■ **Material for this task**
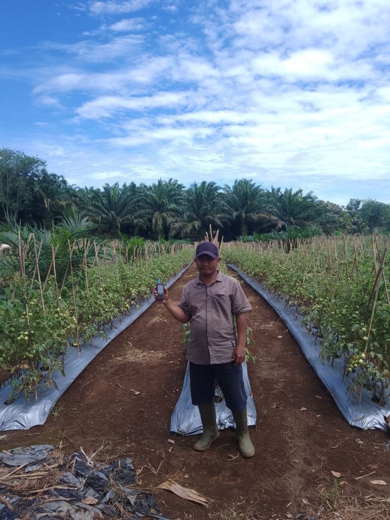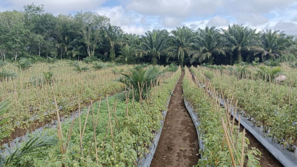 Hij begon met het verbouwen van tomaten tussen de palmbomen. “Omdat mijn palmoliebomen nog niet hoog zijn, groeien de tomatenplanten die ik heb geplant goed en krijgen ze voldoende zonlicht,” legt hij uit.
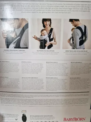 Mochila portabebés BabyBjörn modelo Miracle. - Soporte ergonómico para la espalda. - Apta desde recién nacido hasta aprox. 15 meses. - Peso recomendado: 3.5-12 kg (8-26 lb).
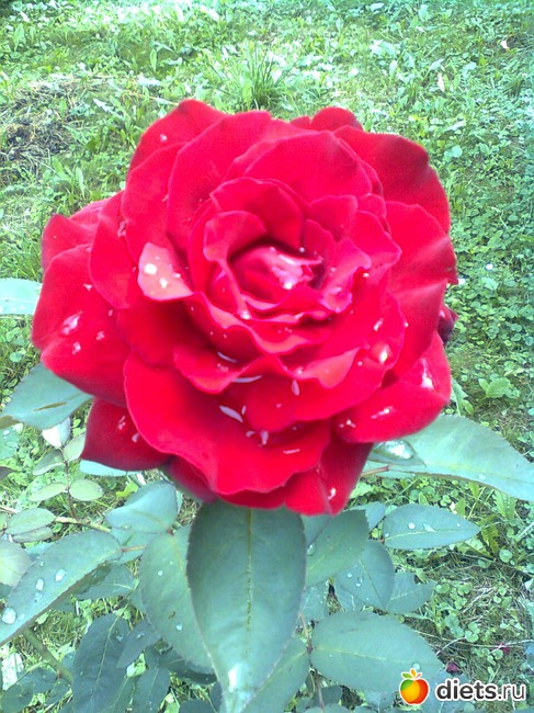 Уход за розами начинается чуть ли не на следующий день после посадки. На этом этапе он сводится в первую очередь к своевременным поливам, особенно, если стоит сухая и жаркая погода. Чтобы молодые растения как можно быстрее прижились на новом месте, им прежде всего нужна влага, причем равномерно распределенная по всему объему почвы в зоне расположения корней. Поэтому поливать рекомендуется из лейки с мелким ситечком и так, чтобы вода проникала в землю достаточно глубоко и доходила до каждого корешка. Полив из шланга нежелателен, так как под напором воды верхний слой почвы будет неизбежно размываться, вода растекаться по поверхности, а до корней так и не дойдет. Неплохой вариант — полив из дождевальной установки с вращающимся разбрызгивателем. Но проводить его рекомендуется только весной и в начале лета (лучше с утра), чтобы стебли и появившиеся молодые листья успевали к вечеру обсохнуть. Летом чрезмерное увлажнение листьев может стимулировать развитие на них грибных болезней — мучнистой росы и черной пятнистости.
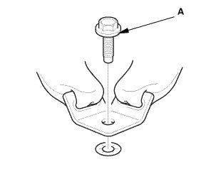 1. Remove the center seat belt buckle bolt (A) at the floor.
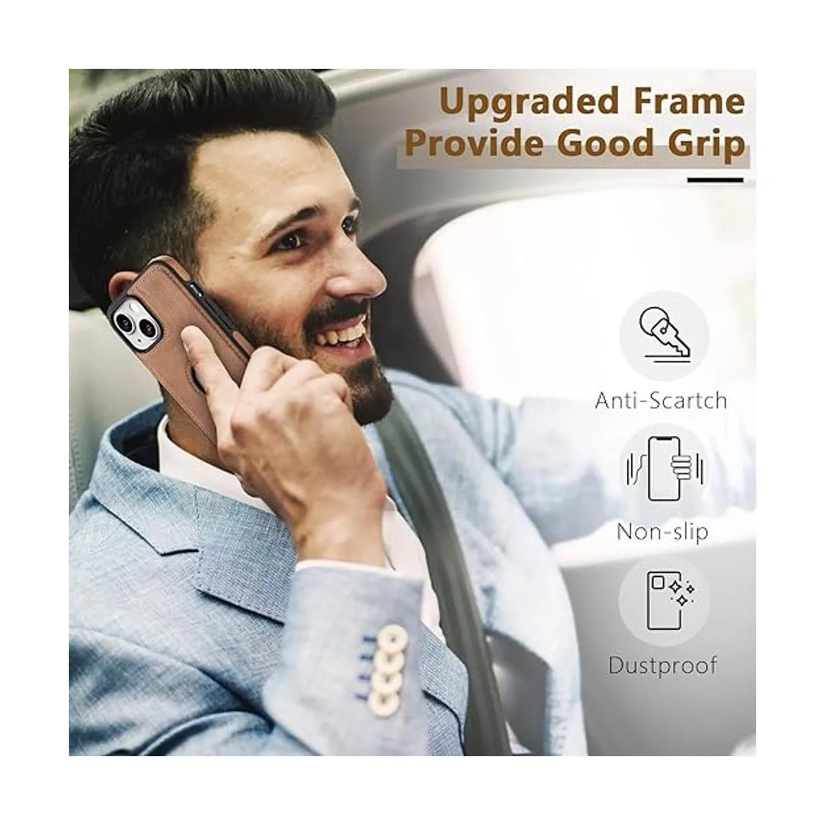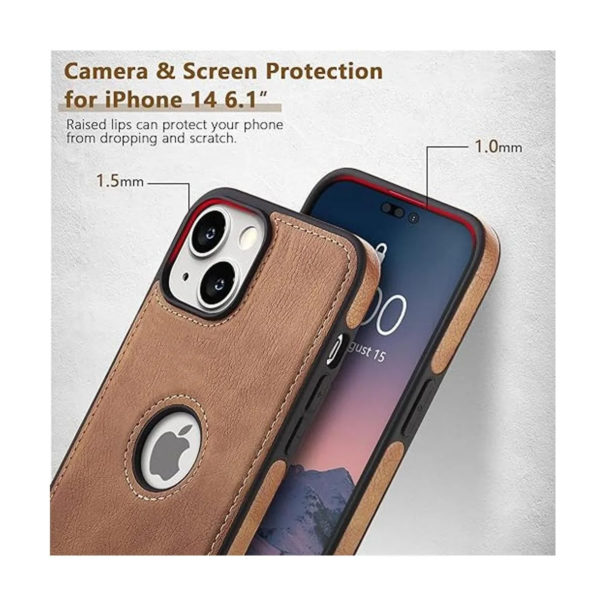 Razstorm Unique Design Funda de piel de lujo para iPhone 14, antideslizante, resistente a los arañazos, ultra delgada 2022, 6.1 pulgadas marrón

■ **What to produce**
The pictures stay out; repeat exactly the lines from the one with "Mochila portabebés BabyBjörn" to the end of the entries above, and nothing else.

■ **Expected output**
 Mochila portabebés BabyBjörn modelo Miracle. - Soporte ergonómico para la espalda. - Apta desde recién nacido hasta aprox. 15 meses. - Peso recomendado: 3.5-12 kg (8-26 lb).
 Уход за розами начинается чуть ли не на следующий день после посадки. На этом этапе он сводится в первую очередь к своевременным поливам, особенно, если стоит сухая и жаркая погода. Чтобы молодые растения как можно быстрее прижились на новом месте, им прежде всего нужна влага, причем равномерно распределенная по всему объему почвы в зоне расположения корней. Поэтому поливать рекомендуется из лейки с мелким ситечком и так, чтобы вода проникала в землю достаточно глубоко и доходила до каждого корешка. Полив из шланга нежелателен, так как под напором воды верхний слой почвы будет неизбежно размываться, вода растекаться по поверхности, а до корней так и не дойдет. Неплохой вариант — полив из дождевальной установки с вращающимся разбрызгивателем. Но проводить его рекомендуется только весной и в начале лета (лучше с утра), чтобы стебли и появившиеся молодые листья успевали к вечеру обсохнуть. Летом чрезмерное увлажнение листьев может стимулировать развитие на них грибных болезней — мучнистой росы и черной пятнистости.
 1. Remove the center seat belt buckle bolt (A) at the floor.
 Razstorm Unique Design Funda de piel de lujo para iPhone 14, antideslizante, resistente a los arañazos, ultra delgada 2022, 6.1 pulgadas marrón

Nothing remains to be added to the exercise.